[[ Recorded data, beginning ]]

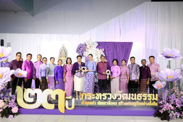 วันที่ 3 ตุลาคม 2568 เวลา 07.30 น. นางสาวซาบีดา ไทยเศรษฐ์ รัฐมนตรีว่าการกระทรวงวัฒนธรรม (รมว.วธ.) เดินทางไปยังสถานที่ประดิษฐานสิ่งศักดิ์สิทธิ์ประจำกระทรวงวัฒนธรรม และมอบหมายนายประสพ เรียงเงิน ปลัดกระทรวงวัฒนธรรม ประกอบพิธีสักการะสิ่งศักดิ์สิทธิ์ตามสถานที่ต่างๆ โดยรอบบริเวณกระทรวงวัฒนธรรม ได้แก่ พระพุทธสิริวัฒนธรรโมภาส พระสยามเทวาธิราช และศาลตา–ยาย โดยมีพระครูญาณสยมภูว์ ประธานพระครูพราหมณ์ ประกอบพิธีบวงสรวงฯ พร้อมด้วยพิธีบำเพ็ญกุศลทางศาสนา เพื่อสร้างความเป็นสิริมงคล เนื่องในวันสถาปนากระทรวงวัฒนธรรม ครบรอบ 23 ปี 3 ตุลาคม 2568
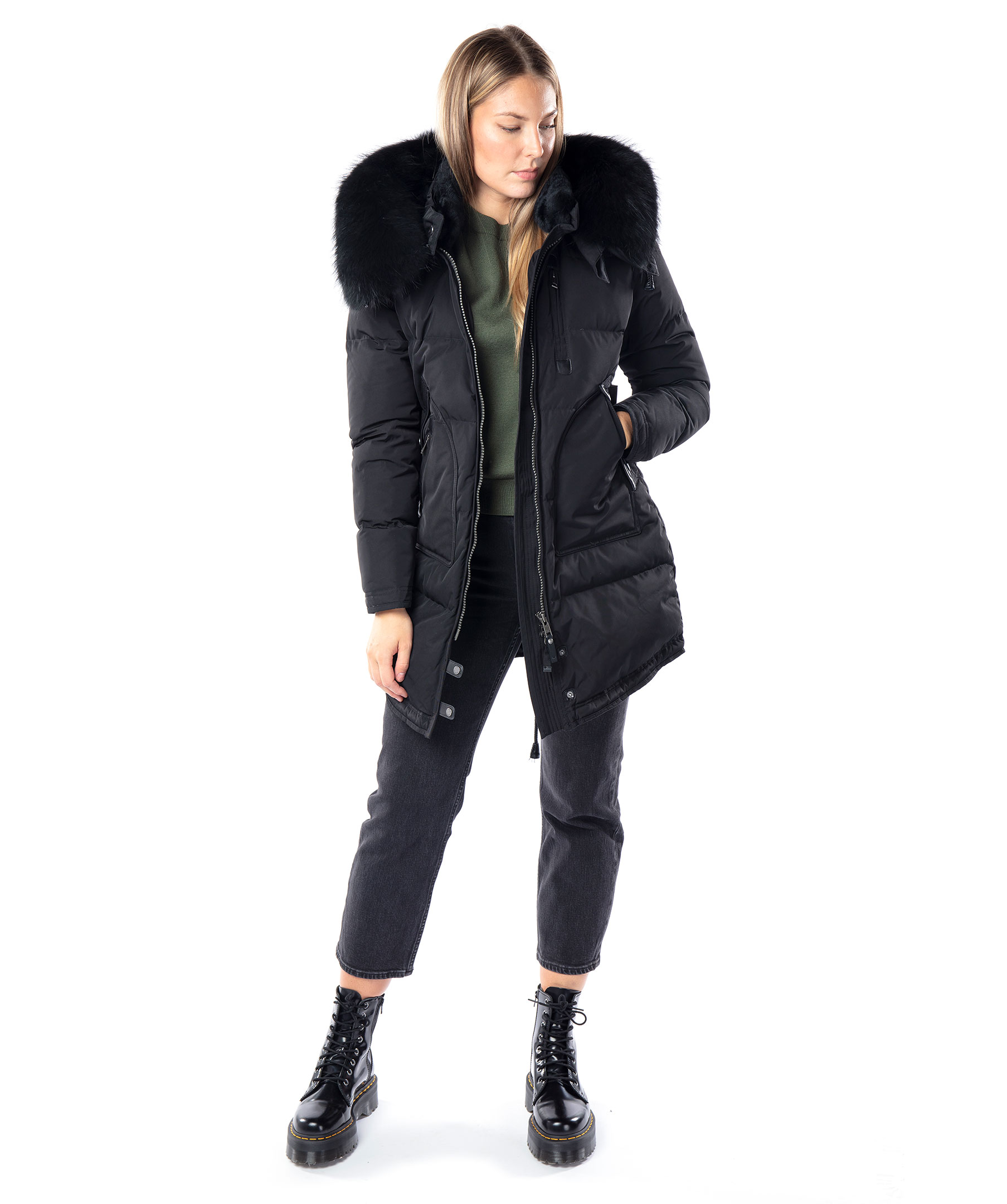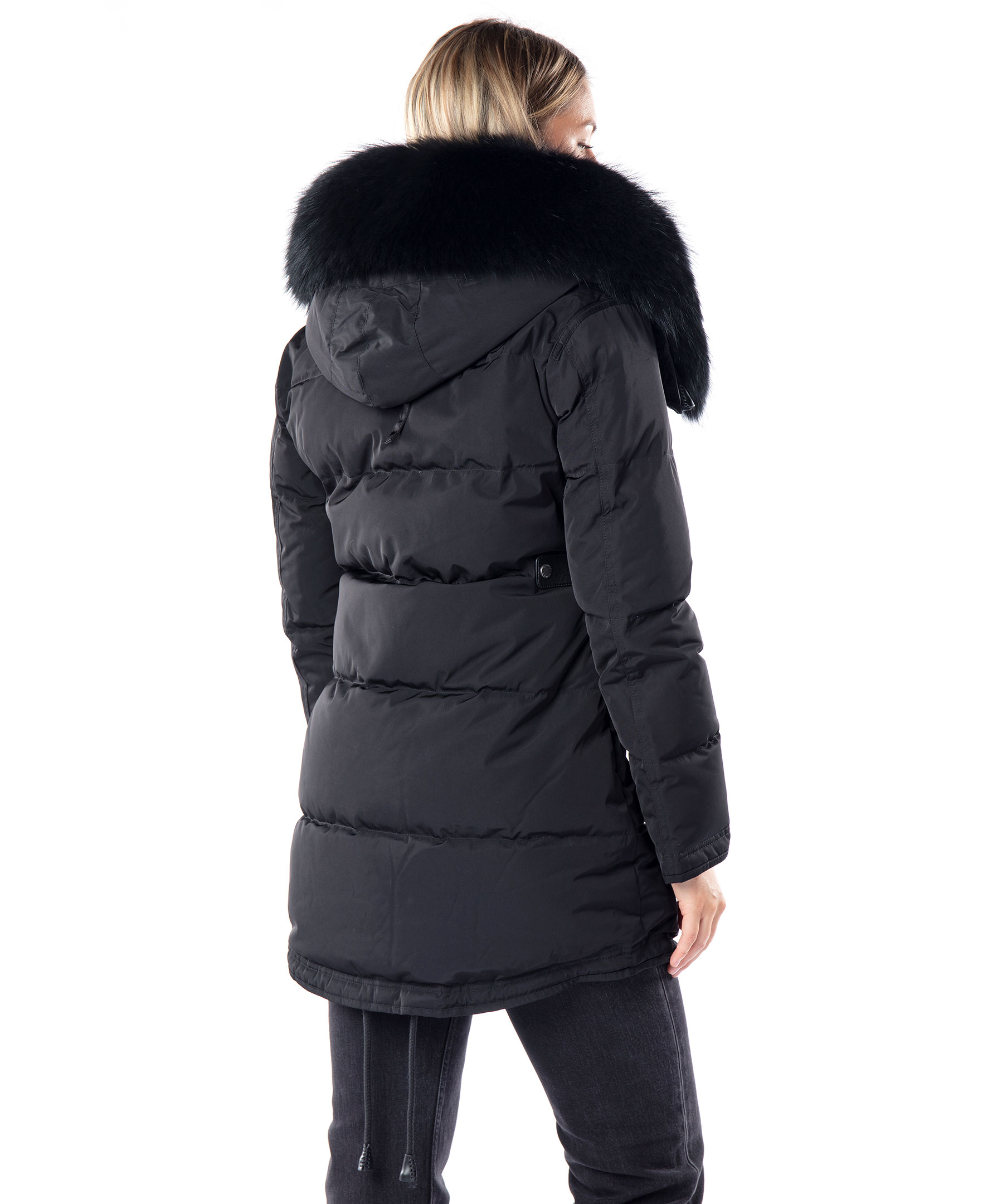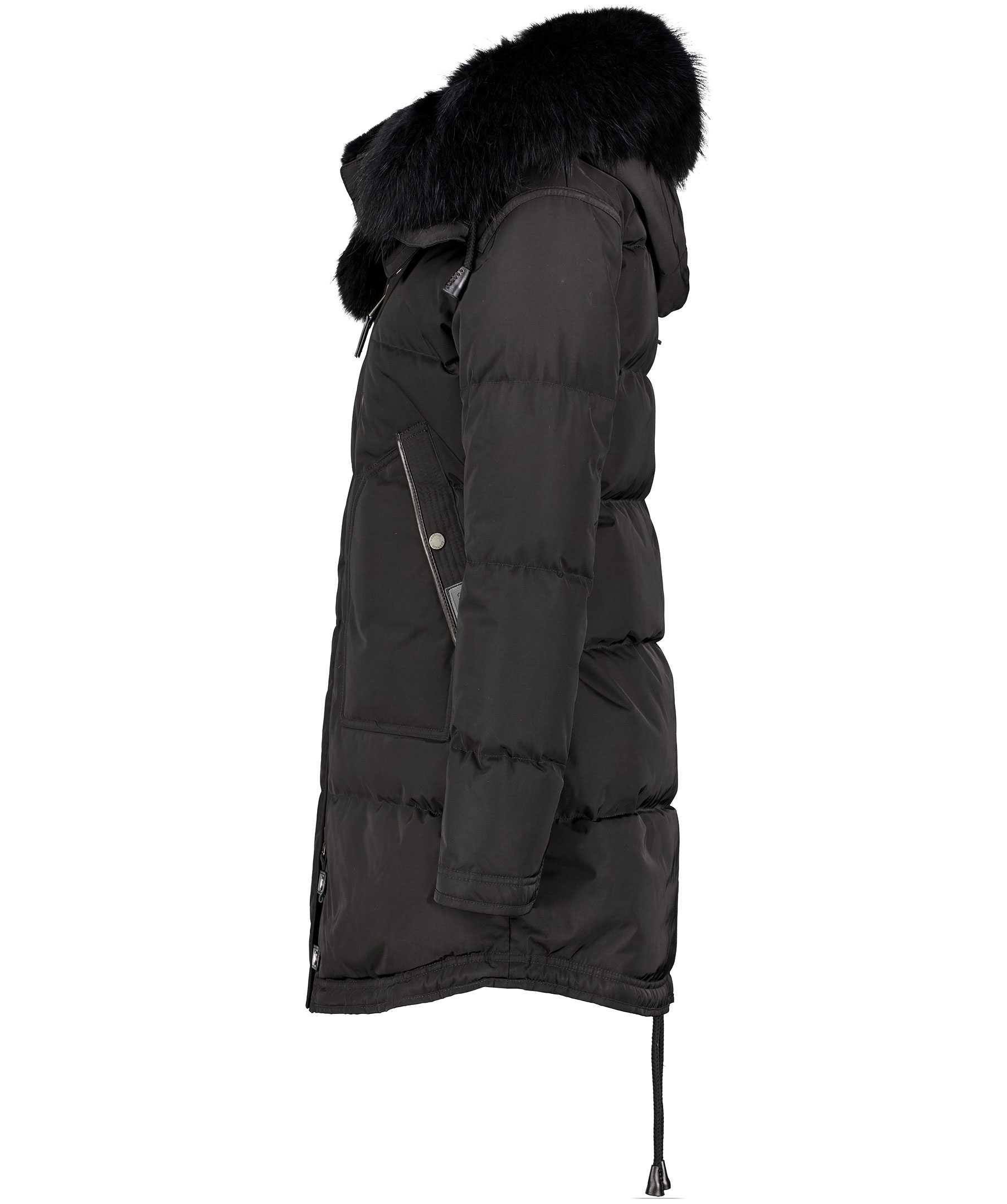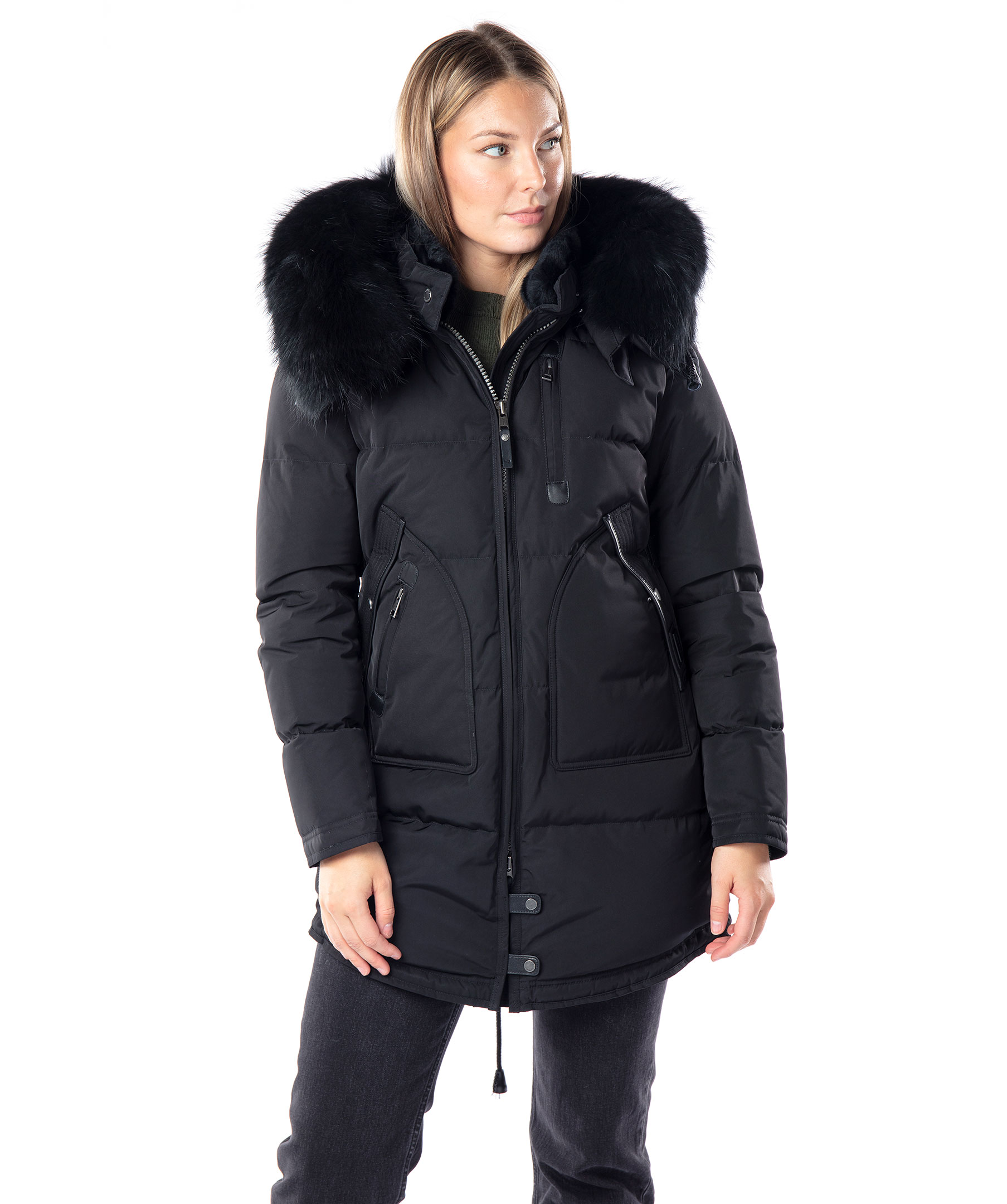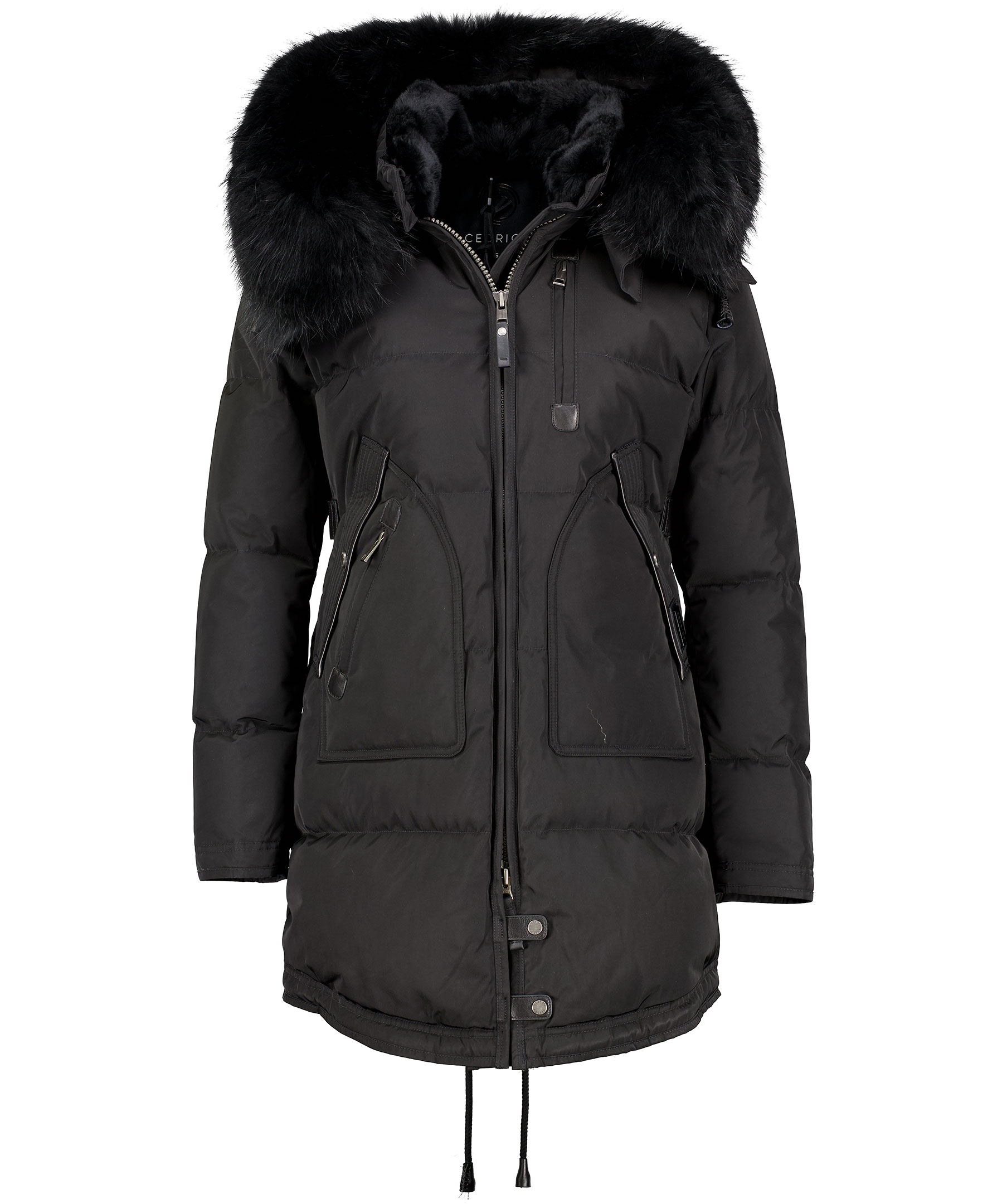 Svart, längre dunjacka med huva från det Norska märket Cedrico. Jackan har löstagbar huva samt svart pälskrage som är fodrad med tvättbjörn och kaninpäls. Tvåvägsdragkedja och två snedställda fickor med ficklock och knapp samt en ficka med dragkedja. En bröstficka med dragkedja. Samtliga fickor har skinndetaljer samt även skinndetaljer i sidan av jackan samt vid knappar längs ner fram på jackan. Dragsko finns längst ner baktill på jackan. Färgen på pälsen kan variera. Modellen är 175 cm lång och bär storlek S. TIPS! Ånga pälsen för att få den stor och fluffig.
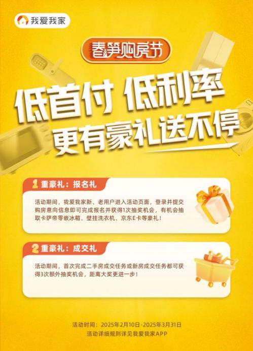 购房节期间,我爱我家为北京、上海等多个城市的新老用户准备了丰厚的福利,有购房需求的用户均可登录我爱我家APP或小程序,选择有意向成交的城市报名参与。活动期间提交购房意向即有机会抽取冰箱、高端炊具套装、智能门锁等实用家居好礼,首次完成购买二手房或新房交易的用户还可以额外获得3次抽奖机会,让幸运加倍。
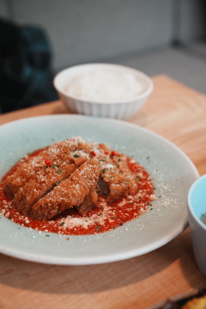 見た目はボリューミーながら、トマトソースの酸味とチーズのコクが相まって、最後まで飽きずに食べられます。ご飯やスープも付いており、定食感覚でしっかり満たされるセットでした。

[[ Recorded data, end ]]

* _What the task asks_: The task requires restating verbatim the lines from the one that holds "购房节期间,我爱我家为北京、" through the end of the listing, both ends counted, and no pictures.

* _Problem solution_:
 购房节期间,我爱我家为北京、上海等多个城市的新老用户准备了丰厚的福利,有购房需求的用户均可登录我爱我家APP或小程序,选择有意向成交的城市报名参与。活动期间提交购房意向即有机会抽取冰箱、高端炊具套装、智能门锁等实用家居好礼,首次完成购买二手房或新房交易的用户还可以额外获得3次抽奖机会,让幸运加倍。
 見た目はボリューミーながら、トマトソースの酸味とチーズのコクが相まって、最後まで飽きずに食べられます。ご飯やスープも付いており、定食感覚でしっかり満たされるセットでした。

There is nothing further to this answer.